For the final week, I saved the number of claims each policy_id has had during the 4 years. Each number has a markup. 1 claim is about 25%, 3 claims is about 120% … and 4 claims I just dont want you (multiply claims by 10000 to get price). New business are charged 5% more than claims-free renewal because I don’t know how many claims they have


@simon_coulombe Awesome but before I comment, I should mention that the competition is open for another 4 hours!

If you are aware then great, and I’ll come back to this soon for an in-depth read :eyeglasses:


title page says “competition over” lol
i’ll repost later

1 Like

Thanks for the heads up, fixed now!

I’ll share my approach for sure


I ended up just using elastic net GLMs and weighting together an all-coverage GLM with by-coverage GLMs for all coverages, it ended up being about 50/50 for each one except Max which just used the all-coverage model. Some important features that I engineered:

(To create these features on year 5 data I saved the training set within the model object and appended it within the predict function , then deleted the training observations after the features were made. )

When you group by policy id, if the number of unique pol pay freq is > 1 it correlates with loss potential.

These people had some instability in their financial situation that seems correlated with loss potential.

When you group by policy id, if the number of unique town surface area > 1 it also correlates with loss potential.

My reasoning for this was that if someone switched the town they live in then they’d be at greater risk due to being less familiar with the area they are driving in.

I used pol_no_claims_discount like this to create an indicator for losses in the past 2 years:

x_clean = x_clean %>% arrange(id_policy,year)

if(num_years > 2){
for(i in 3:num_years){
df = x_clean[x_clean$year == i | x_clean$year == i - 2,]
df = df %>% group_by(id_policy) %>% mutate(first_pd = first(pol_no_claims_discount),
last_pd = last(pol_no_claims_discount)) %>% mutate(diff2 = last_pd - first_pd)
x_clean[x_clean$year == i,]$diff2 = df[df$year == i,]$diff2
x_clean$ind2 = x_clean$diff2 > 0, then ind2 goes into GLM.
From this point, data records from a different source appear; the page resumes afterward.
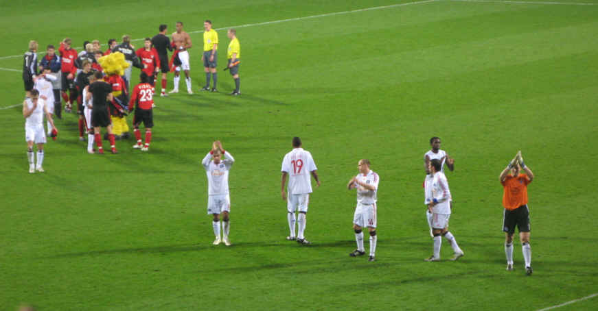 Abpfiff! Einige unserer Helden, die heute wahrlich nicht heldenhaft gespielt haben, verabschieden sich noch noch in den Fankurve. Letzte Woche das Aus im DFB-Pokal und diese Woche das Ende der UEFA-Pokal-Träume??? | |||||
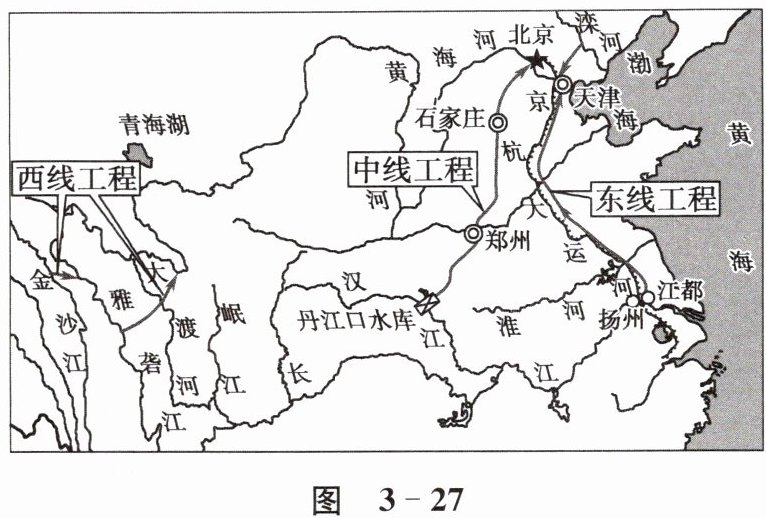 22. 阅读有关南水北调工程的材料和图3-27,回答下列问题。
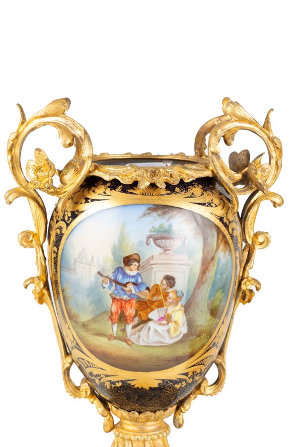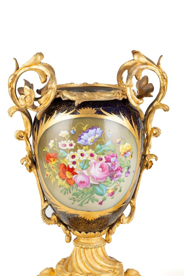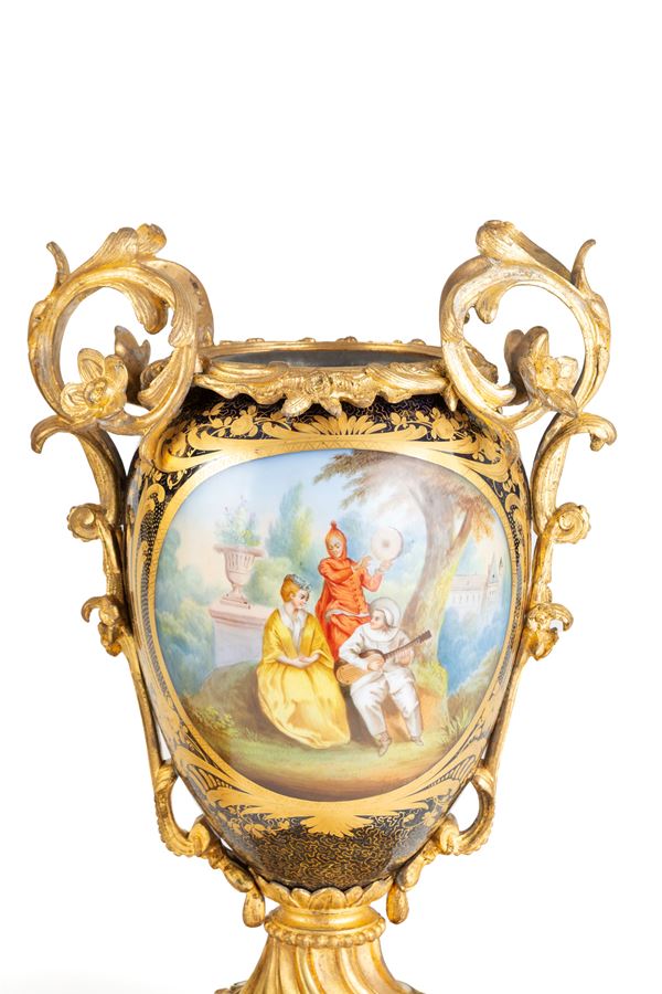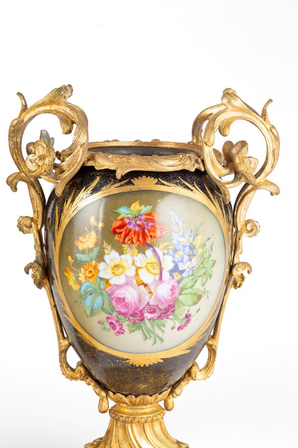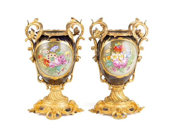 Coppia di vasi di Sevres in porcellana e bronzo cesellato e dorato con lumeggiature. Fine XIX secolo.
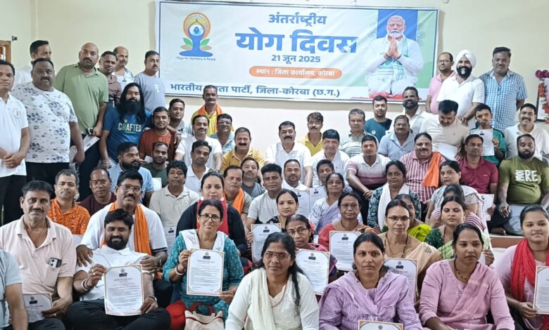 11 वां अंतर्राष्‍ट्रीय योग दिवस आज भाजपा जिला कार्यालय में उत्‍साहपूर्वक मनाया गया। 21 जून अंतरराष्ट्रीय योग दिवस के अवसर पर जिला भाजपा कार्यालय कोरबा में जिलाध्यक्ष गोपाल मोदी ने भाजपा कार्यकर्ताओ के साथ योगाभ्यास किया। साथ पूरे जिले में उनने नेतृत्व में भाजपा के तमाम पदाधिकारीयो और कार्यकर्ताओ ने पूरे उत्साह में योगाभ्यास किया। इस अवसर पर पूर्व महापौर जागेश लांबा, पूर्व नेताप्रतिपक्ष हितानंद अग्रवाल, लक्की नंदा, अजय चन्द्रा, परविंदर सिंह, योगेश मिश्रा, सूरज पांडेय सहित भाजपा के पदाधिकारी व कार्यकर्तागण उपस्थित रहें।
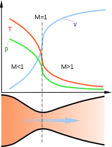 نمودار یک نازل همگرا-واگرا (دلاوال) که تغییرات سرعت را به همراه فشار و دما نشان میدهد.
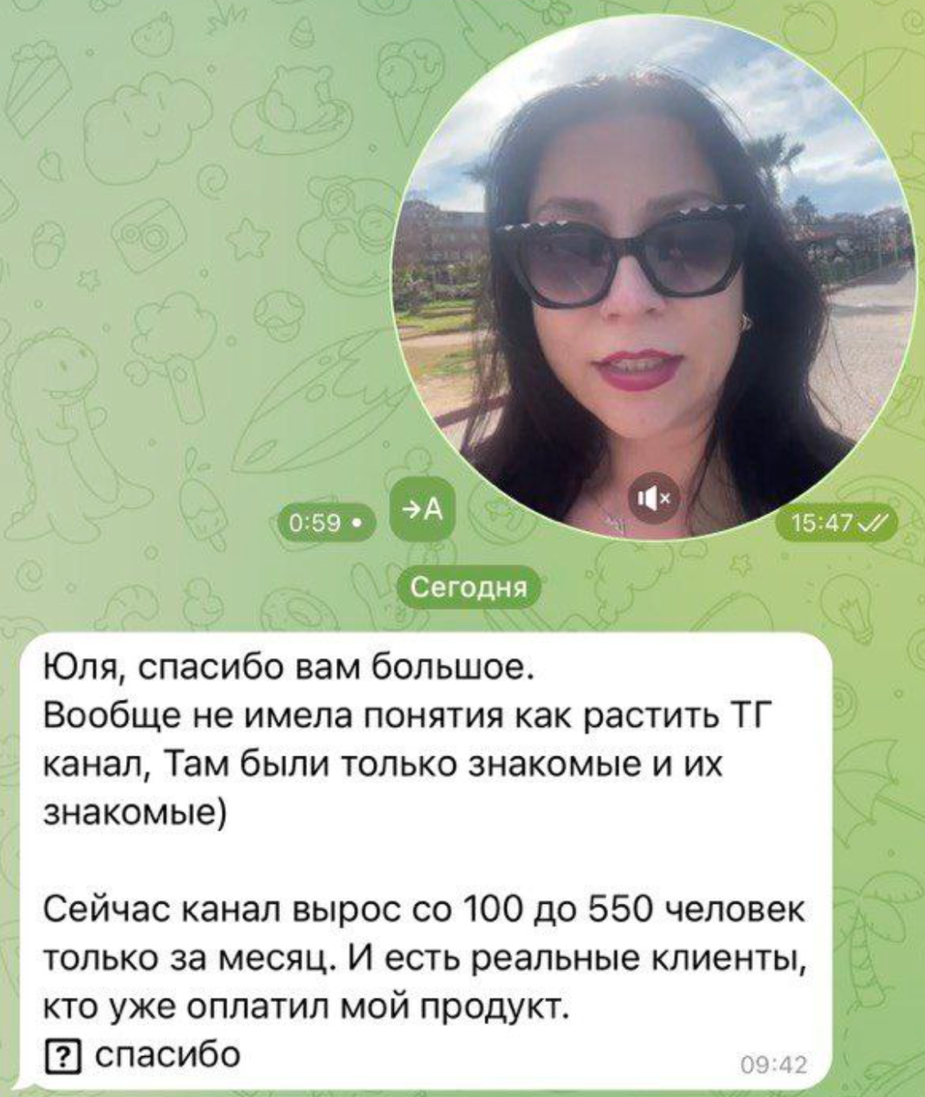 Благодаря стратегии позиционирования и проработки личного бренда за 2 месяца, Татьяна привлекла новую аудиторию и быстро сделала 5 продаж по 100000 рублей, благодаря новым подписчикам в Telegram.

In practice, we know that geography correlates strongly with socioeconomic factors like credit score which indicate loss potential, so I thought the best way to deal with this was to treat town surface area as categorical and assume that there are not very many unique towns with the same surface area. I don’t think this is fully true since some towns had really different population counts, but overall it seemed to work and I couldn’t group by town surface area and population because population changes over time for a given town surface area. So:

I treated town surface area as categorical and created clusters with similar frequences which had enough credibility to be stable across folds and also across an out-of-time sample.

Since Max was composed of many claim types, I created clusters based on severity by town surface area, the idea being that some areas would have more theft, some would have more windshield damage, etc.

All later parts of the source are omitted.